Dívida dos estados com a União recua em 2025, mas ainda é alta
A dívida total dos 26 estados e do Distrito Federal com a União Federal atingiu cerca de R$ 838,8 bilhões em junho de 2025, segundo dados do Tesouro Nacional enviados ao portal iG. Apesar de apresentar uma redução em relação a 2024, esse valor ainda representa uma alta carga financeira para as finanças públicas estaduais.
Redução da dívida e estratégias de controle
O valor é 4,09% maior do que o registrado em 2024, quando a dívida total chegou a R$ 805,8 bilhões. Parte do crescimento está relacionado ao aumento das dívidas garantidas, pagas pelo Tesouro Nacional a instituições financeiras para quitar pendências dos estados.
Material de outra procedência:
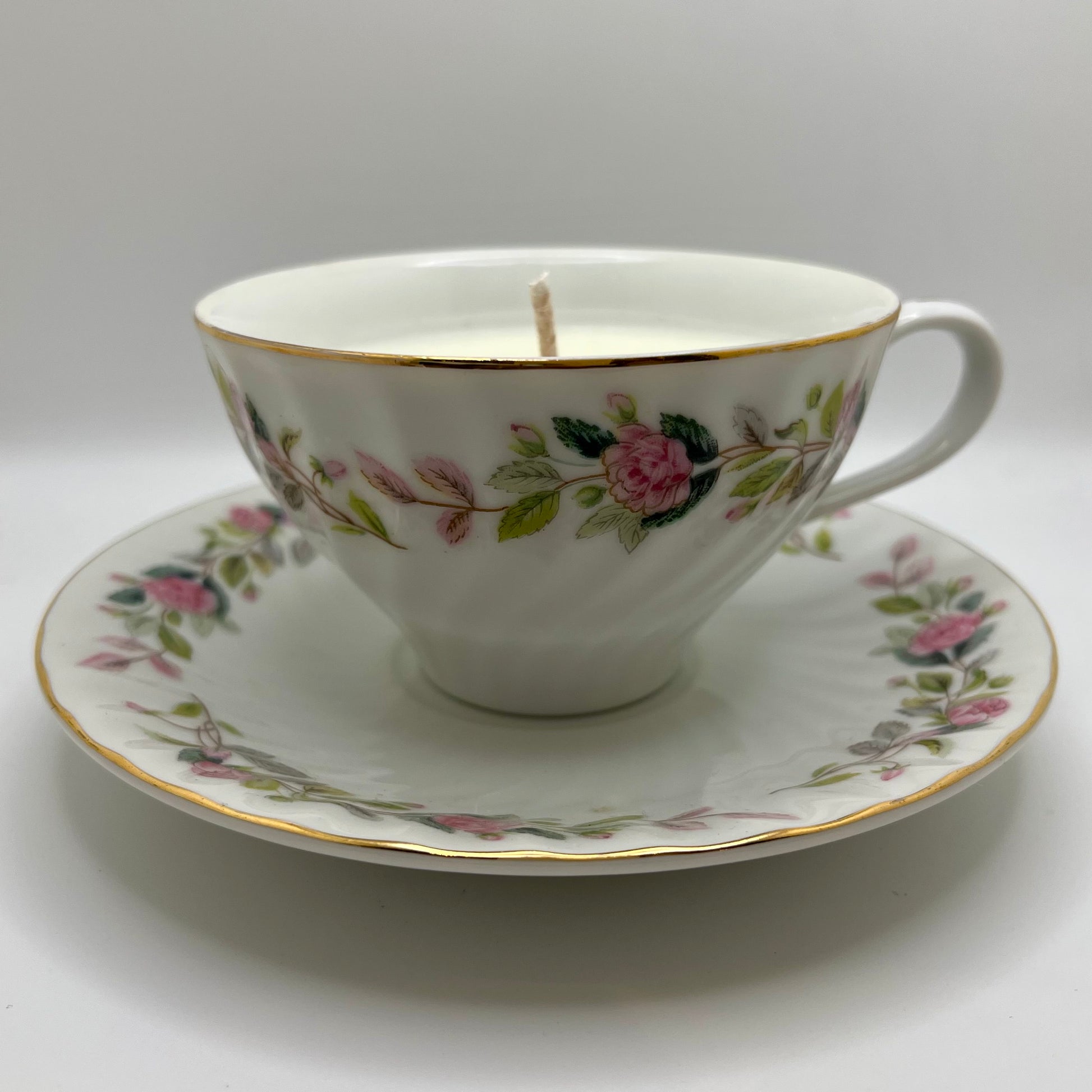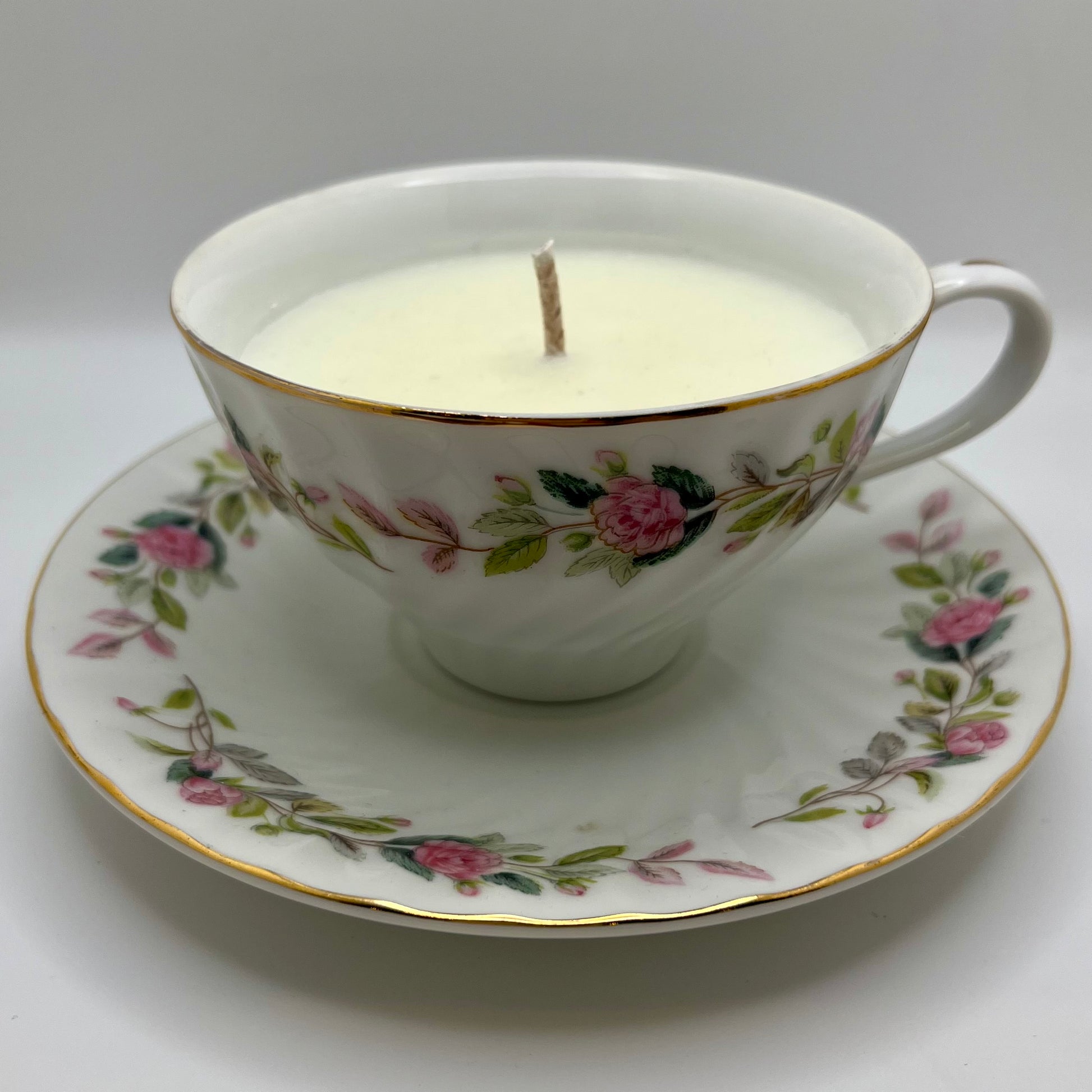 Tea cup & saucer up-cycled into a eucalyptus scented candle.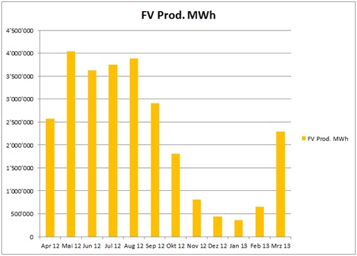 Bild 1: Solarstromproduktion in Deutschland im Zeitraum von April 2012 bis März 2013 in MWh (Datenquelle: EEX)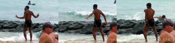 看著白色沙灘和比基尼女郎。腳踩在沙灘上,任海水拍打我的雙腳,在短褲濕透時,整個人已經在海水裡。在沙灘上拍照玩耍,我也在沙灘上看到觀察前來戲水的遊客們,注意到前面的男生,非常自得其樂在沙灘上跳舞。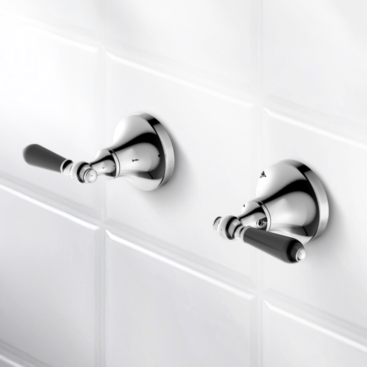 Nero York Wall Top Assemblies With Black Porcelain Lever Chrome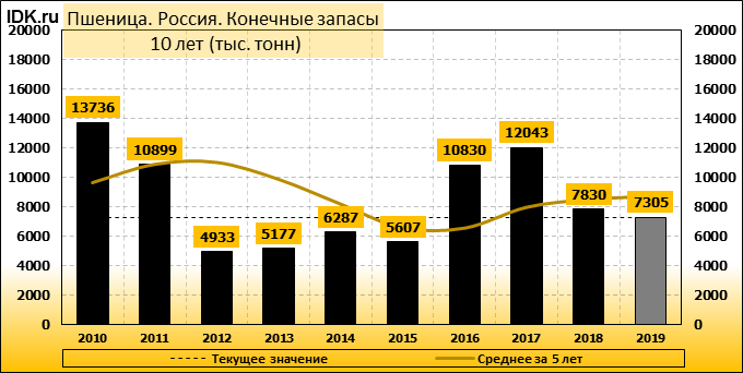 Конечные запасы: составят 7305 тысяч тонн. Оценка с последнего отчета снизилась на -2.12 процента.

Até junho de 2025, esse montante de garantias honradas pela União atingia R$ 4,42 bilhões, sendo que os maiores valores foram pagos por Rio de Janeiro (36,85%), Minas Gerais (35,10%), Rio Grande do Sul (16,93%) e Goiás (8,36%).
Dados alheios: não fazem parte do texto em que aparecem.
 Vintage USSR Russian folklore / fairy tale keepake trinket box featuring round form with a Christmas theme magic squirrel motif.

Programa de renegociação de dívidas
Para conter o crescimento das dívidas estaduais e facilitar a quitação, o governo federal sancionou em janeiro de 2025 o Programa de Pleno Pagamento de Dívidas dos Estados (Propag). A iniciativa renegocia as condições de dívida dos estados e do Distrito Federal, propondo condições mais favoráveis.
Estados com menor dívida refinanciada
Segundo dados do Tesouro Nacional, Tocantins, Roraima, Amazonas, Mato Grosso e o Distrito Federal apresentaram redução nas dívidas refinanciadas na comparação entre dezembro de 2024 e junho de 2025, mantendo-se como alguns dos estados com menor déficit fiscal. O Tocantins, por exemplo, possui atualmente uma dívida de aproximadamente R$ 521 mil, sendo o estado com menor débito do país, sem garantias da União.
O secretário da Fazenda de Tocantins, Donizeth Silva, afirmou que o estado conseguiu evitar aderir ao Regime de Recuperação Fiscal (RRF) devido à sua gestão fiscal responsável e reformas estruturais ao longo dos anos.
Principais dívidas e crescimento nacional
Os estados com maiores dívidas em 2025 continuam sendo São Paulo, com aproximadamente R$ 295,6 bilhões, Rio de Janeiro (R$ 184,6 bilhões), Minas Gerais (R$ 168,8 bilhões) e Rio Grande do Sul (R$ 104,4 bilhões). Estes quatro estados representam aproximadamente 89,84% do total nacional, que é de R$ 838,77 bilhões.
O aumento da dívida nacional é especialmente impulsionado pelos acréscimos em estados com maior débito, como São Paulo, que elevou seu saldo em R$ 6,9 bilhões, e o Rio de Janeiro, com aumento de R$ 10,5 bilhões.
Perspectivas futuras
O Programa de Pleno Pagamento de Dívidas dos Estados (Propag) prevê descontos nos juros e parcelamentos de até 30 anos, além de permitir a quitação parcial por meio da transferência de ativos, como ações empresariais ou imóveis. Ainda que nenhuma adesão formal tenha sido confirmada até o momento, estados como Minas Gerais e Goiás demonstraram interesse na iniciativa.
Especialistas apontam que a mudança no pacto fiscal entre União e estados é crucial para o equilíbrio das contas públicas, diante do aumento das ações judiciais relacionadas às dívidas estaduais e à necessidade de reformas estruturais mais profundas. Segundo Luís Garcia, sócio do Tax Group e do MLD Advogados, o cenário atual reforça a importância de uma gestão fiscal responsável para manter a sustentabilidade financeira dos estados.